CSD in Action: Using Machine Learning to Predict the Crystalline Properties of Molecular Compounds without their Crystal Structures
Here we highlight a paper by scientists at the Lawrence Livermore National Laboratory using the Cambridge Structural Database (CSD) to train models to predict the densities of molecules from chemical structure alone. This is part of our series highlighting examples of the Cambridge Crystallographic Data Centre (CCDC) tools in action by scientists around the world.
Summary
In this work, the authors demonstrate that machine learning methods that leverage quality datasets can directly learn the relationship between chemical structures and bulk crystalline properties of molecules, even in the absence of any crystal structure information or quantum mechanical (QM) calculations. The authors focused specifically on energetic materials called high explosives (HEs) and predicting their crystalline densities without crystal structure information. How to best featurize molecules as inputs into machine learning models remains a challenge within the chemistry machine learning community. The authors sought to understand whether expert-crafted features or learned molecular representations via graph-based neural network models yield the best results.
By leveraging the experimentally derived and hand-curated data in the CSD, the researchers were able to produce models that outperform current state-of-the-art methods, including more computationally expensive density functional theory (DFT)-based methods. They found that their message passing neural network (MPNN)-based models with learned molecular representations generally performed best – performing well even on data not representative of the training data. In their tests across more than 10,000 HE-like molecules, 61% of the best model’s predictions were “excellent” (error is less than 0.03 g/cm3) and 22% were “informative” (error is within 0.03 and 0.05 g/cm3) The best model also performed well predicting the densities of notoriously difficult molecules, such as riaminotrinitrobenzene (TATB) – yielding a prediction of 1.95 g/cm3, which is only 0.02 g/cm3 higher than the experimentally reported value.
Why
Predicting molecules’ bulk properties of interest from a chemical structure alone remains a long-sought-after goal in chemistry as it would expedite the discovery of novel materials and save resources on benchtop synthesis experiments across industries. A specific challenge to machine learning for HE molecules has been the lack of readily available large data sets. For example, the authors state that data sets of 300 HE molecules are considered large.

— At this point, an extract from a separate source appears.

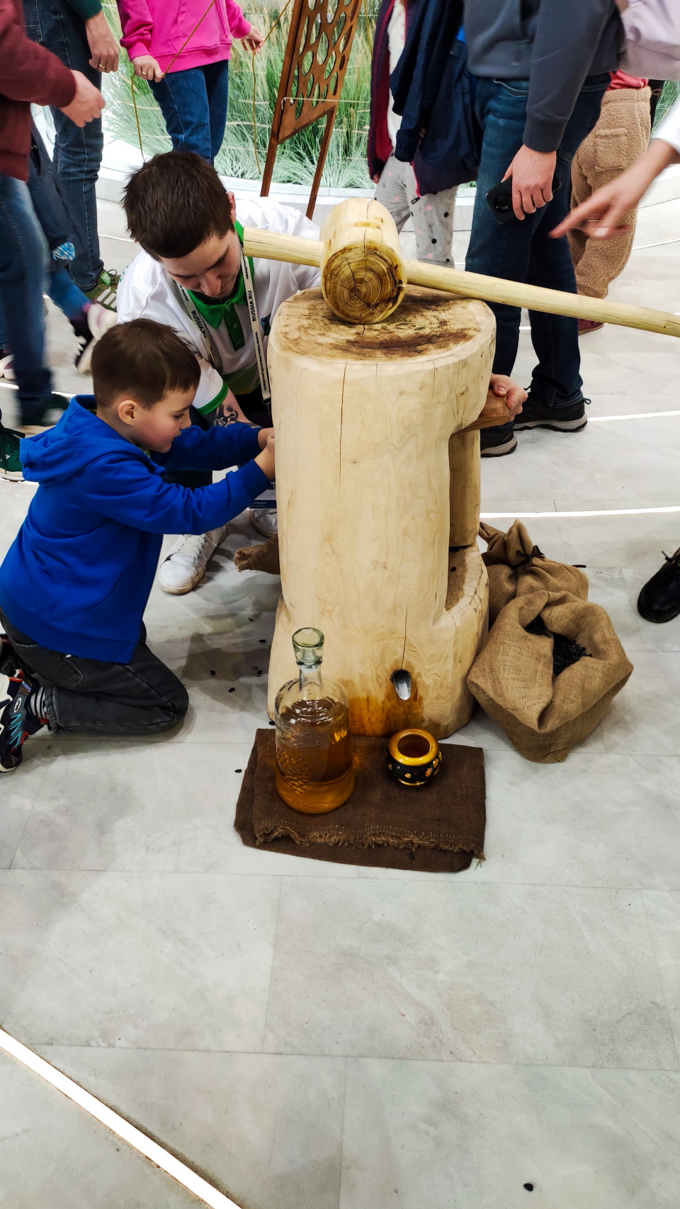 На снимке показана интерактивная зона выставки «Россия» в павильоне №75 ВДНХ 2023–2024 годов, где дети и взрослые участвуют в работе с деревянным прессом, напоминающим устройство для выжимки масла или сока. В нижней части композиции стоит стеклянная бутыль с жидкостью и расписанная кружка, рядом лежат мешки с семенами. Видны участники мероприятия, помогающие детям осваивать механизм. Фото подходит для материалов о семейных мероприятиях, образовательных интерактивах, ремёслах и региональных экспозициях.

Using the CSD, the researchers generated a library of 10,000 molecules with which to train their models.
How
A variety of ML approaches have been employed for predicting molecular-level properties, including energy levels and lipophilicity. However, using ML approaches to predict bulk crystalline properties is less common. (Often the goal is to find the crystalline structure.) The researchers curated a subset of molecules from the CSD, removing any molecules lacking published densities or 3D structures that could not be correctly constructed from a crystal structure file. This resulted in 10,251 energetic or energetic-like molecules. They then mapped those molecules’ quantitative molecular compound properties with features that are accessible to ML models.
For their best-performing MPNN model, the researchers only provided information about a molecule’s bonds and atoms. The MPNN is therefore developing potential features that predict crystal density. Researchers can then mine the features for new insights into what molecular features are important for advantageous crystalline densities. Historically, this training process works the other way around – with researchers providing features that may or may not be important.